486 A principle has developed in the case law that a church trust embodies only those parts of ecclesiastical doctrine which are “fundamental” or “essential”. It should be noted that a rule being a fundamental principle of church law will not automatically make it a term of the trust: for example, it must affect property.

487 There is no hard and fast rule for determining which church rules are fundamental ones, or which will be incorporated into a church trust. It is too difficult to answer precisely where the line is to be drawn in every case. However, the cases do provide us with some guidance.

488 In Attorney-General v Gould (1860) 28 Beav 485 at 495, Lord Romilly said that the question was whether the use of the building for the purpose of open communication was “such a perversion of the objects and trusts for which it was established, that is, whether it is a violation of those trusts which this Court will interfere to prevent”.

489 His lordship found the practice of strict or free communion to be “no part of what was essential for the maintenance of a congregation of particular Baptists” and consequently not to form a part of the foundation trusts on which the Church was held.

490 The High Court also examined this issue in Wylde v Attorney-General (the Red Book Case) (1948) 78 CLR 224. There, Latham CJ and Williams J found that uniformity of worship in the Anglican Church of Australia as it existed in 1948 was a fundamental principle of the Church, and that breach of that uniformity constituted a breach of trust.

491 Another example is the case of Scandrett v Dowling where the Court of Appeal found that breaching a church rule that priests must be male would not constitute a breach of trust: (1992) 27 NSWLR 483.

492 In Radmanovich, I found that what must be decided is whether each particular rule is so fundamental that it is a term of the trust, or whether it is merely an “incidental matter of regulation” which does not go to the core of the trust: 669.

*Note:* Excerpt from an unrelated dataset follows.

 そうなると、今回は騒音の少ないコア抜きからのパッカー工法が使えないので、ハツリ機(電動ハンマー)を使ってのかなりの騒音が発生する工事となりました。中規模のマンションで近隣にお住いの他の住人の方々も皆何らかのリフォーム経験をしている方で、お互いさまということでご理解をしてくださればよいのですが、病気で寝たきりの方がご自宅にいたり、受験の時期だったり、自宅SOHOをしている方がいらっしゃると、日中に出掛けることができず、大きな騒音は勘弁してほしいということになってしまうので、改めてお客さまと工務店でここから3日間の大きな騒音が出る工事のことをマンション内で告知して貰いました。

493 My conclusion is that it is too difficult and of little use to find where the line is to be drawn in every case, however excluding the Bishop from the church is certainly a breach of a “fundamental” rule of church law which goes to the heart of the trust.

494 This is because it goes to the heart of an hierarchial church, even one which has provided for involvement of the laity to a significant degree that the basis leadership of the bishop is excluded.

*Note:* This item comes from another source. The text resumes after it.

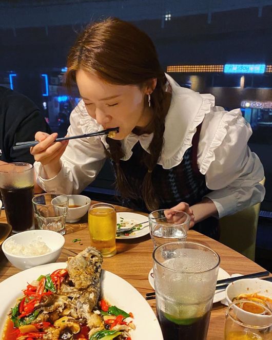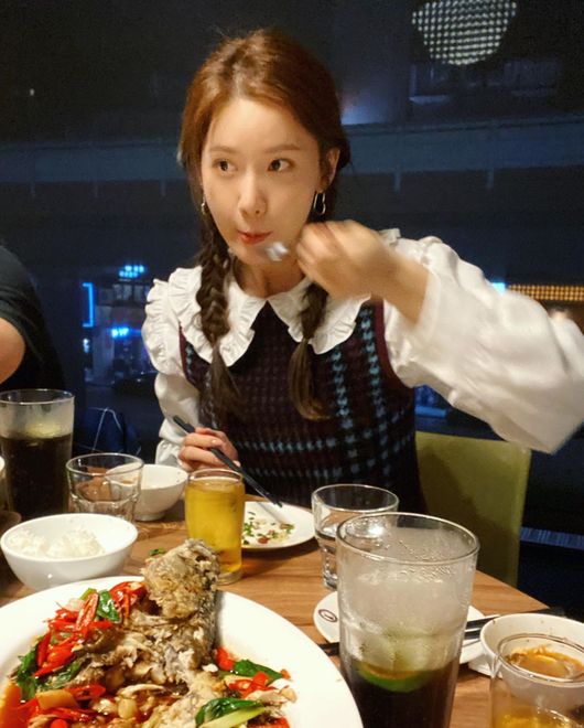 사진 속에는 배는 별로 고프지 않지만 폭풍 먹방을 펼치는 윤아의 모습이 담겼다. 양갈래 머리로 귀여움이 한껏 높아진 윤아는 젓가락을 멈추지 않으며 음식을 공략하고 있다.

495 The doctrine of Apostolic Succession as accepted by the MOC heavily relies on the tradition from one set of bishops to the next of the faith of the Apostles. The direction of the church by a person whose orthodoxy is pure and accepted is vital to the framework of the whole church.

496 Thus I have no difficulty in finding that the alleged breaches (a), (b) and (h) and their associated breaches are fundamental.

497 There may be some doubt as to alleged breaches set out in (d)(i) and (j) are fundamental, but this is of little moment as these matters will be subsumed in the more serious matters.

              Answer to the Question

498 The question is:

      What are the terms of the Declared Trust or the Church Trust in so far as material for the following alleged breaches of trust?

499 The question should be answered by saying that the terms of the relevant trust do not justify the exclusion of the bishop from the parish Church of St Petka nor the employment of any priest not authorised by the bishop nor the closing, alteration, addition to the Church building or its ornaments without the Bishop’s approval.

500 I do not consider that it is useful to address each sub-question, I will direct the plaintiffs to bring in short minutes of orders. It may be that I will be persuaded that it would be helpful to provide some answers to the sub-questions.

                  Costs

501 As the defendants have really failed on all aspects of the separate question, I can see no reason why they should not pay the costs of the exercise.

          Orders for further conduct of the proceedings

502 The proceedings should stand over to 6 March 2009 at 10.00am for short minutes to be brought in. The short minutes should, in addition to stating orders that are appropriate because of these reasons, also contain directions for the ongoing conduct of the proceedings.